### Exercise instructions
Exact copy, no pictures: repeat the data that follows.

### Information supplied
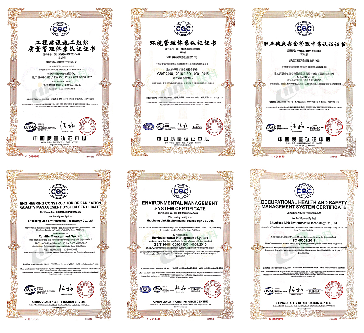 我公司于2019年11月13日取得由中國(guó)質(zhì)量認(rèn)證中心頒發(fā)的《工程建設(shè)施工組織質(zhì)量管理體系認(rèn)證證書(shū)》、《環(huán)境管理體系認(rèn)證證書(shū)》、《職業(yè)健康安全管理體系認(rèn)證證書(shū)》。
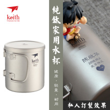Keith铠斯单层钛水杯纯钛杯子咖啡杯可烧水户外折叠钛茶杯钛带盖
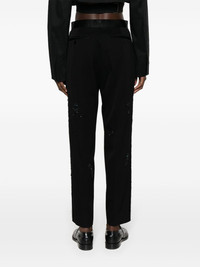 embroidered straight-leg trousers Highlights - Jet black - Wool - Embroidered design - Tonal stitching - Bead embellishment - Pleat detailing - Belt loops - Concealed front fastening - Mid-rise - Straight leg - Two side welt pockets - Two rear welt pockets - Straight hem - Ankle-length Imported Composition Outer: Wool 100% Lining: Silk 62%, Polyester 38% SIZE & FIT Model measurements Height 5 ft 10 in(1.77 m) Bust/Chest 32.28 in(82 cm) Hips 35.03 in(89 cm) Waist 25.19 in(64 cm) FittingInformation Designed with a cigarette cut, these trousers allow for a close fit at the waist and offer an unrestricted fit through to the ankle Made from a midweight non-stretch fabric This piece fits true to size – take your usual size Washing instructions Dry Clean Only

### Answer below
 我公司于2019年11月13日取得由中國(guó)質(zhì)量認(rèn)證中心頒發(fā)的《工程建設(shè)施工組織質(zhì)量管理體系認(rèn)證證書(shū)》、《環(huán)境管理體系認(rèn)證證書(shū)》、《職業(yè)健康安全管理體系認(rèn)證證書(shū)》。
Keith铠斯单层钛水杯纯钛杯子咖啡杯可烧水户外折叠钛茶杯钛带盖
 embroidered straight-leg trousers Highlights - Jet black - Wool - Embroidered design - Tonal stitching - Bead embellishment - Pleat detailing - Belt loops - Concealed front fastening - Mid-rise - Straight leg - Two side welt pockets - Two rear welt pockets - Straight hem - Ankle-length Imported Composition Outer: Wool 100% Lining: Silk 62%, Polyester 38% SIZE & FIT Model measurements Height 5 ft 10 in(1.77 m) Bust/Chest 32.28 in(82 cm) Hips 35.03 in(89 cm) Waist 25.19 in(64 cm) FittingInformation Designed with a cigarette cut, these trousers allow for a close fit at the waist and offer an unrestricted fit through to the ankle Made from a midweight non-stretch fabric This piece fits true to size – take your usual size Washing instructions Dry Clean Only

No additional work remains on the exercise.